Ground Interaction Models for Increased Autonomy of Planetary Exploration Systems
In 13th EASN International Conference on Innovation in Aviation & Space for opening New Horizons (13th EASN 2023), (EASN), 5.9.-8.9.2023, Salerno, IOP Publishing Ltd, series Journal of Physics: Conference Series, 2024.
Planetary exploration of celestial bodies, such as Moon and Mars, using robotic systems has been common practice for decades.
However, to reach scientifically interesting places such as craters and sub-surface lava tubes, they need high mobility capabilities to traverse sandy and rugged terrain, to avoid or overcome obstacles, and to cope with different slopes.
There exist manifold locomotion concepts, e.g. wheeled rovers, legged walking systems, or hybrids that use legged-wheels or wheeled-legs.
They all have their pros and cons, and thus are better or less suited for different terrains.
During the exploration of unknown areas, regardless of the type of locomotion, the robots should autonomously be able to detect the traversing terrain and to identify whether it is harmful or not.
To guarantee mission success, an intelligent system should autonomously navigate around risky environments or, if possible, adapt their locomotion pattern accordingly.
The approach presented in this paper follows the idea to learn online meaningful models of robot-ground interaction.
They allow, on the one hand, the realistic simulation of robot movements on different surfaces in order to predict mobility characteristics as precisely as possible in advance.
And, on the other hand, having a digital twin of the real counterpart allows a continuous comparison with the sensor values actually measured and to detect anomalous behavior.
Due to the fact that the real conditions (gravity, soil composition) cannot be exactly reproduced on earth, the robots need to be able to learn the ground interaction models online during their traversal from their own sensor readings.
For a generic approach to learn ground interaction models, six robotic systems developed for planetary exploration will be used.

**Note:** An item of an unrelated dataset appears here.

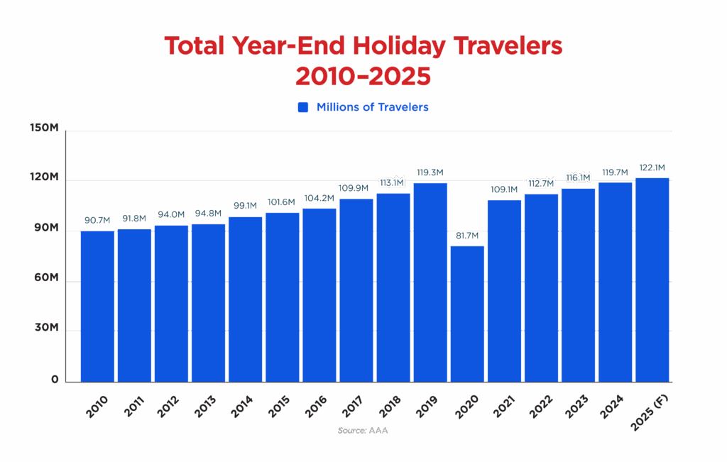 The 13-day year-end holiday period, which runs from Dec. 20 through Jan. 1, 2026, marks a 2.2 percent increase over last year’s record of 119.7 million travelers. The surge is driven by a mix of lower gas prices and a persistent post-pandemic demand for cruises and air travel.

With three technically different rovers and three technically different walking systems, a broad spectrum for ground interaction will be analyzed.
By collecting performance data on plain ground, loose soil, rubble, and lava floor, a quantitative comparison of varying walking and roving systems of variables sizes and locomotion principles can be done, and various ground interaction models can be learnt.
For collecting data, the default locomotion behavior will be used, but also the usage of specific probing behaviors maximizing the information gain will be learned and analyzed.
Deep Neural Networks will be used to learn efficient models that predict the ground interaction of the respective wheel or leg contacts.
The learned ground interaction models are then integrated into a real-time physics simulator to improve the simulation of the holistic robot behavior by reducing the simulation reality gap.
The usage of this internal simulation online on the system to predict the nominal robot performance and to compare this to the actual sensor readings enables to continuously determine soil properties and to detect non-nominal conditions which can then be handled in time through path planning or behavioral adaptation.
The paper will describe the concept in more detail, the experimental setup for reproducible experiments, an overview on the selected robots, and first results.